Mutación.
Como siempre, la práctica manda al diablo toda teoría demasiado segura de sí misma. Era presumible que un avance por una autopista que prácticamente todo el mundo recorre a la máxima velocidad, deteniéndose apenas para orinar, tomar nafta o a lo sumo descansar un rato en un parking acogedor, sería muy diferente de esta reptación imperceptible en la que todo se invierte: el vehículo pierde su importancia pues apenas ha salido de un paradero tiene que echar el ancla en el siguiente; las urgencias urinarias o intestinales dejan de ser una razón para interrumpir la marcha o alterar el horario previsto; las zonas de reposo se vuelven infinitamente más importantes que la cinta blanca tendida en un espacio que devora al automovilista que lo está devorando.
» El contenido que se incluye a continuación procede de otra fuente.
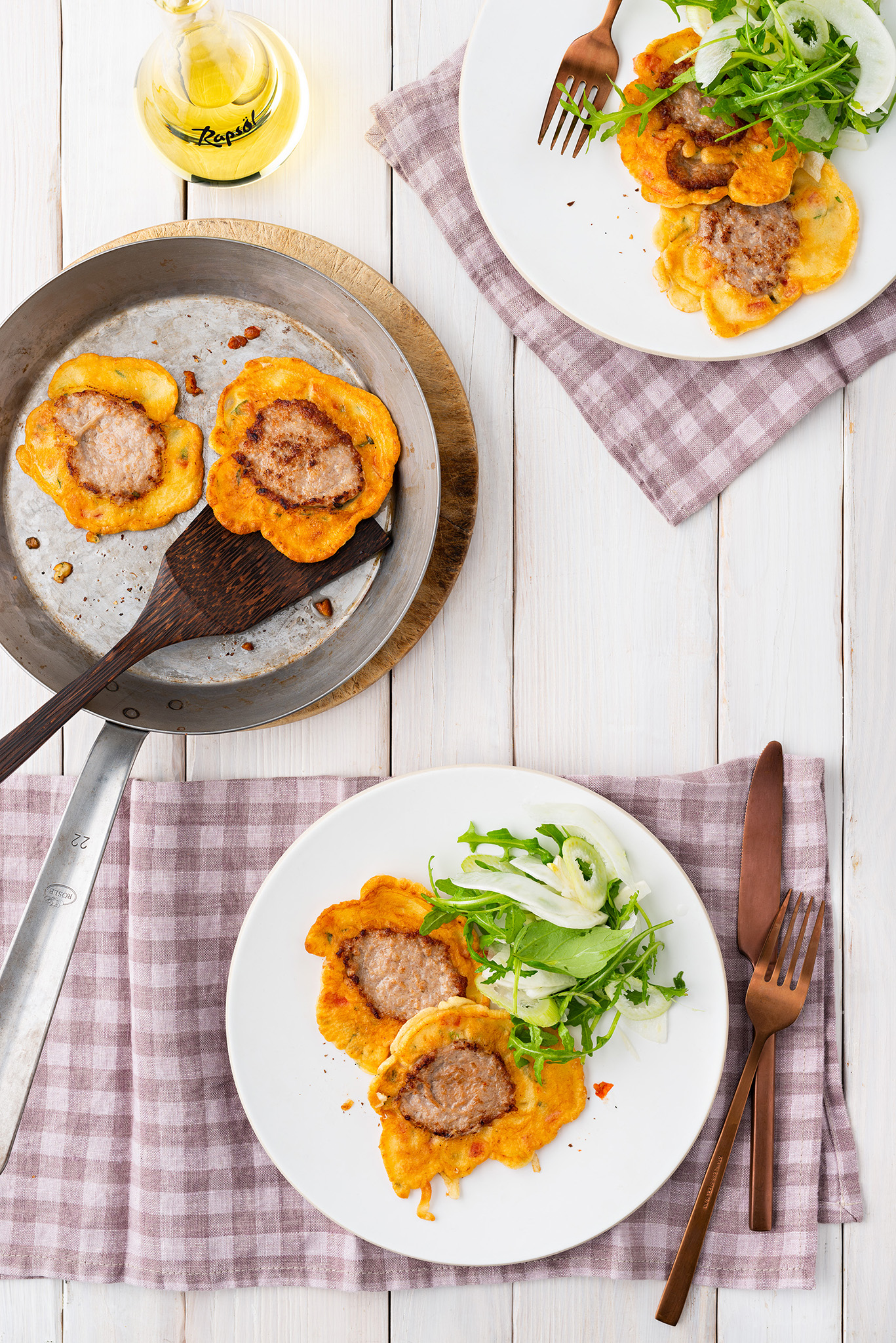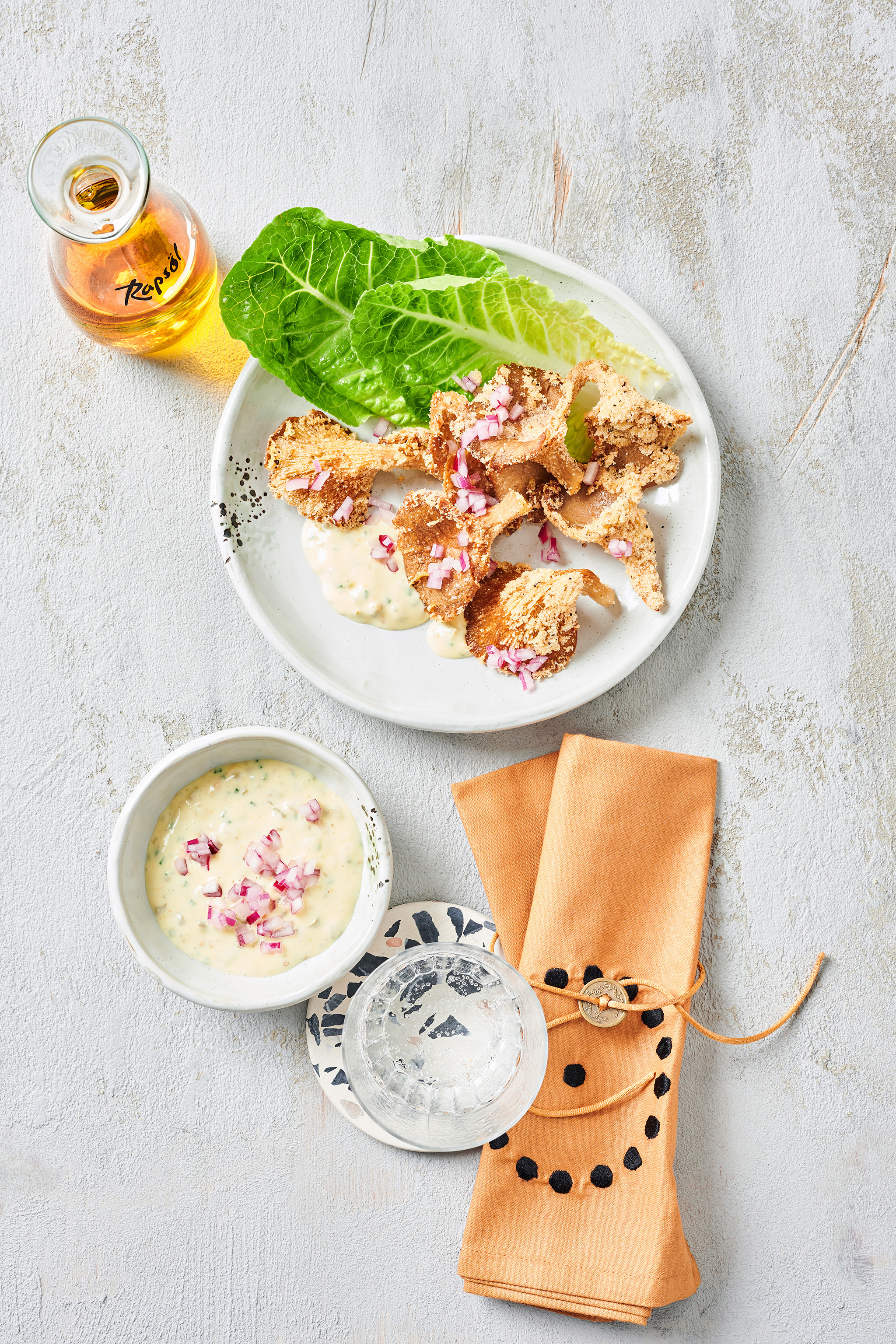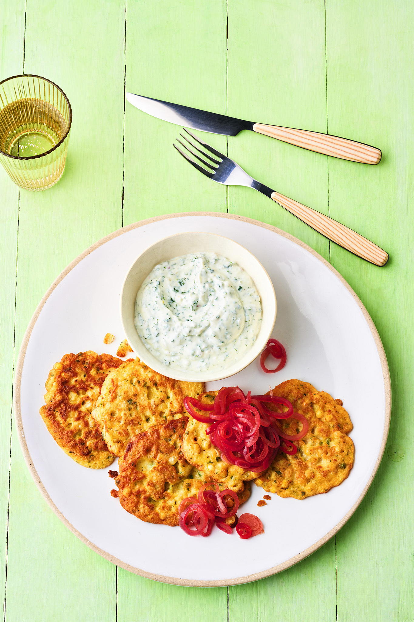 Rezeptidee Mai 2023: Körnererbsen-Puffer mit Estragon-Senf-Dip und Essig-Zwiebeln

Todas esas alteraciones eran previsibles mientras organizábamos la expedición, pero ningún adelanto teórico pudo darnos una idea de su magnitud, de su riqueza. Estamos apenas en el tercer día de viaje y los parámetros usuales han cedido frente a otra manera de vivir la autopista. Sensaciones primarias: apenas más allá de Fontainebleau, tenemos la impresión de estar muy lejos de París, al punto que Marsella no nos parece más distante que nuestro punto de partida. El tiempo muerde en el espacio, lo transforma; ya no alcanzamos a imaginar una diferencia importante entre este paradero y los últimos que nos esperan en la víspera del fin de la expedición.
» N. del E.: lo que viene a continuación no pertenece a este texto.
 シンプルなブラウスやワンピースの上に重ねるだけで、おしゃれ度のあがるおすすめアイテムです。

Más importante que eso: la alteración paulatina de la noción usual de autopista, la sustitución de su funcionalidad insípida y casi abstracta por una presencia llena de vida y de riqueza: las gentes, los altos, los episodios en sus escenarios más o menos arbolados, actos sucesivos de una pieza de teatro que nos fascina y de la que somos los únicos espectadores. Fafner, rojo dragón devorador de kilómetros a lo largo de tantos años y países, es ahora un dócil elefante inmóvil que sólo se desplaza diez o veinte minutos para volver a quedarse plácidamente anclado en sus cuatro patas gomosas. No lo toma a mal, muy al contrario, parecería que se solidariza con nosotros y que su fuelle anaranjado, que alzamos en cada etapa y que lo convierte en una casita donde es grato vivir, leer y escribir, es como un signo de que se está esponjando satisfecho a la hora de darnos lo mejor de sí mismo. No nos cabe la menor duda de que Fafner es el tercer explorador y que aprueba este avance en lentitud y profundidad, mientras que otros viajes le habrán parecido acaso demasiado frívolos, demasiado a rienda suelta como no creemos que les guste a los dragones y a los elefantes.
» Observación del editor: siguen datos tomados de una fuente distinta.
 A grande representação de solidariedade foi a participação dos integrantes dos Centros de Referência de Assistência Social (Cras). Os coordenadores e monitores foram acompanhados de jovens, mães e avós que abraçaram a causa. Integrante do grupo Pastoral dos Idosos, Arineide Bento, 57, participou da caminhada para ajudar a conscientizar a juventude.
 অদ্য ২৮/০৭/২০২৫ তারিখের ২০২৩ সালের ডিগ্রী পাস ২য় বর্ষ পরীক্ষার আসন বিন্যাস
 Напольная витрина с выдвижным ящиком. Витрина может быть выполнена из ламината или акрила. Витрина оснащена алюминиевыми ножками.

Segunda metamorfosis, los autopistenses. ¿Qué idea nos hacíamos de esa fauna lanzada a la velocidad máxima, rota apenas por un sandwich o una carrera al W.C.? Cierto, cuando se está en la hora del hastío después de cincuenta u ochenta kilómetros igualmente monótonos, surgen los únicos temas posibles de conversación: «Mira, otro belga y ya van cinco. Ahora un alemán, cuatro franceses, dos suizos, un inglés. ¿Y esa chapa? Bulgaria, parece. Qué raro, Bulgaria, primera vez que veo un búlgaro por aquí». Y también los camiones: «Cada día son más grandes y más temibles, ahora corren a cien o ciento diez por hora, no respetan nada, y esos con acoplados que de golpe se convierten en serpientes y te largan un coletazo, hay que guardar siempre mucha distancia al pasarlos, aunque en general son ellos los que te pasan, van realmente como locos».
Nada de eso ha cambiado en el fondo, pero todo ha cambiado para nosotros. Las observaciones en la ruta se reducen a cero o poco menos: todo ocurre ahora en los paraderos, donde camiones y autos entran lentamente, casi delicadamente, para detenerse con suma precaución los unos al lado de los otros. Lo que era un enorme paralelepípedo amenazante, un bólido llamado Porsche o un zigzagueante Renault 5, se nos acercan ahora con la lenta y amistosa reptación de un perro que busca caricias o un gato que sospecha un resto de sardinas.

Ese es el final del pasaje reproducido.